=== TRY IT ===
The listing below is to be duplicated exactly, with every picture omitted.

### DATA SEGMENT ###

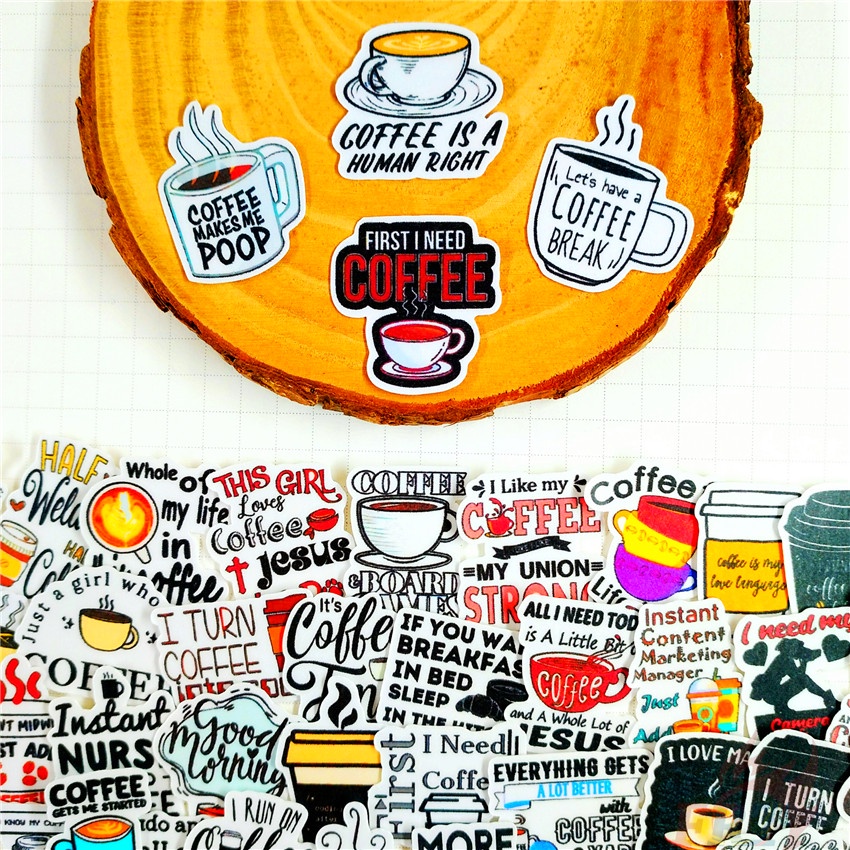 ★★★ Sticker Dán Trang Trí Nhật Ký Hình Coffee Q-1 Slang Mini ★★★ 60 Miếng Dán Trang Trí Album Thời Trang (Size: 2~3cm)
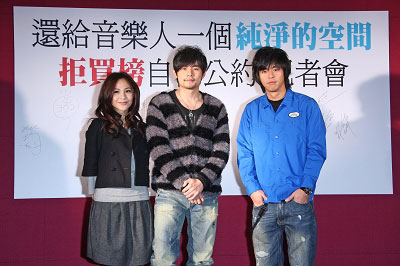 臨時知道要出席這個活動的周杰倫,雖然抱病也堅持到場,他在記者會上再次呼吁大家給音樂一個誠實的空間,這樣才能激勵藝人做出最好的音樂。他說,以前的唱片隨隨便便就能賣到二三十萬張,但近些年來唱片業(yè)一直下滑。眾所周知,盜版和買榜是唱片業(yè)的兩大心魔,大家要一起努力,還給音樂一個純凈空間。他還風(fēng)趣地說,有錢不用買榜,可以去買車。而新力音樂旗下藝人王力宏由于昨日凌晨突發(fā)急性腸胃炎無法到場,他委托公司的大中華區(qū)總裁崔震東代發(fā)聲明,表示娛樂圈的良性競爭是好事,不應(yīng)該用買榜這種不誠實的方式,“我的唱片公司在(去年)12月31日告訴我,唱片圈買榜風(fēng)氣盛行,新力音樂決定不買榜,公司要我有心理準(zhǔn)備,這次的專輯雖然是銷售冠軍,但不會是排行榜的第一名。我當(dāng)時告訴公司,我支持公司不買榜的行動!庇浾 李懿
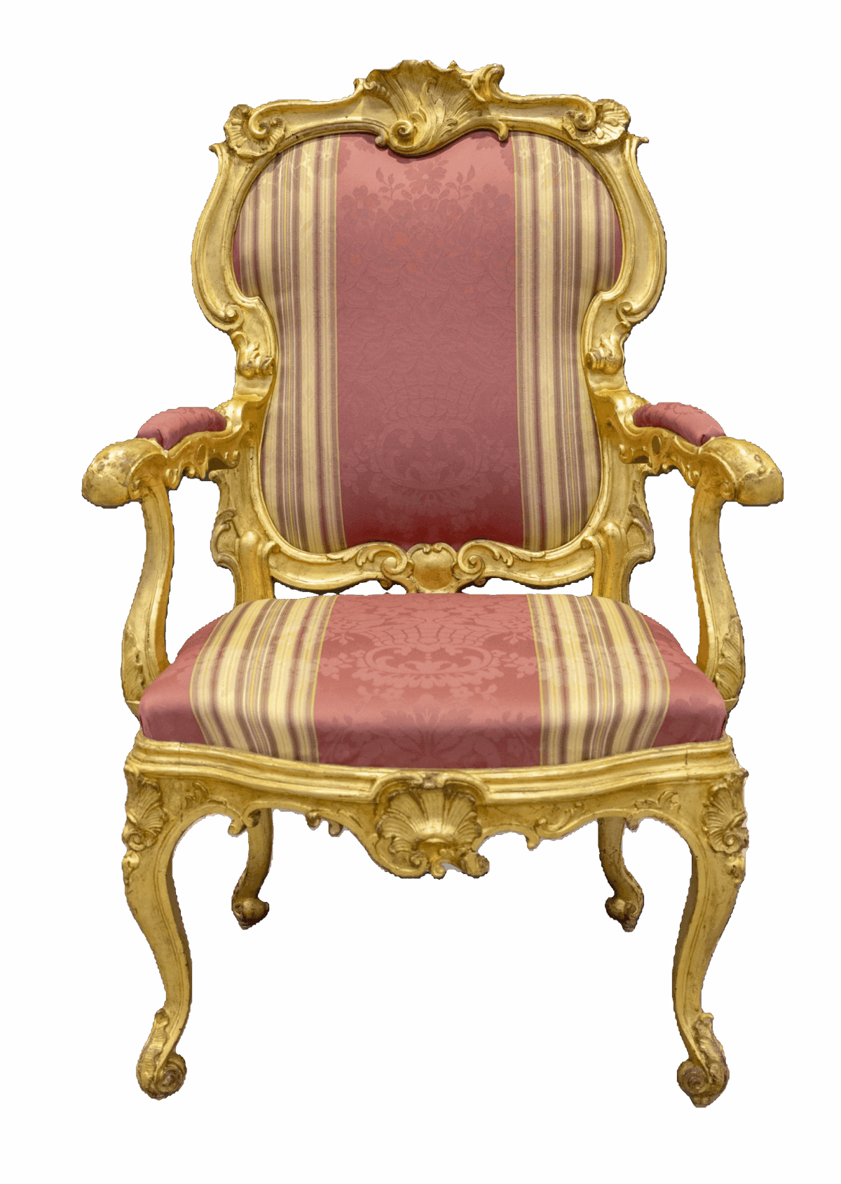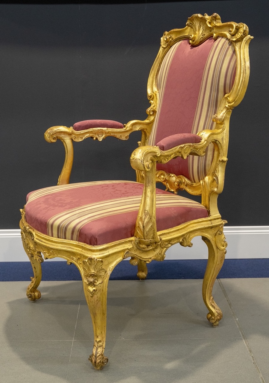 Poltrona Luigi XV in legno intagliato a volute barocche e dorato, Roma prima metà secolo XVIII

###

=== TASK ANSWER ===
 ★★★ Sticker Dán Trang Trí Nhật Ký Hình Coffee Q-1 Slang Mini ★★★ 60 Miếng Dán Trang Trí Album Thời Trang (Size: 2~3cm)
 臨時知道要出席這個活動的周杰倫,雖然抱病也堅持到場,他在記者會上再次呼吁大家給音樂一個誠實的空間,這樣才能激勵藝人做出最好的音樂。他說,以前的唱片隨隨便便就能賣到二三十萬張,但近些年來唱片業(yè)一直下滑。眾所周知,盜版和買榜是唱片業(yè)的兩大心魔,大家要一起努力,還給音樂一個純凈空間。他還風(fēng)趣地說,有錢不用買榜,可以去買車。而新力音樂旗下藝人王力宏由于昨日凌晨突發(fā)急性腸胃炎無法到場,他委托公司的大中華區(qū)總裁崔震東代發(fā)聲明,表示娛樂圈的良性競爭是好事,不應(yīng)該用買榜這種不誠實的方式,“我的唱片公司在(去年)12月31日告訴我,唱片圈買榜風(fēng)氣盛行,新力音樂決定不買榜,公司要我有心理準(zhǔn)備,這次的專輯雖然是銷售冠軍,但不會是排行榜的第一名。我當(dāng)時告訴公司,我支持公司不買榜的行動!庇浾 李懿
 Poltrona Luigi XV in legno intagliato a volute barocche e dorato, Roma prima metà secolo XVIII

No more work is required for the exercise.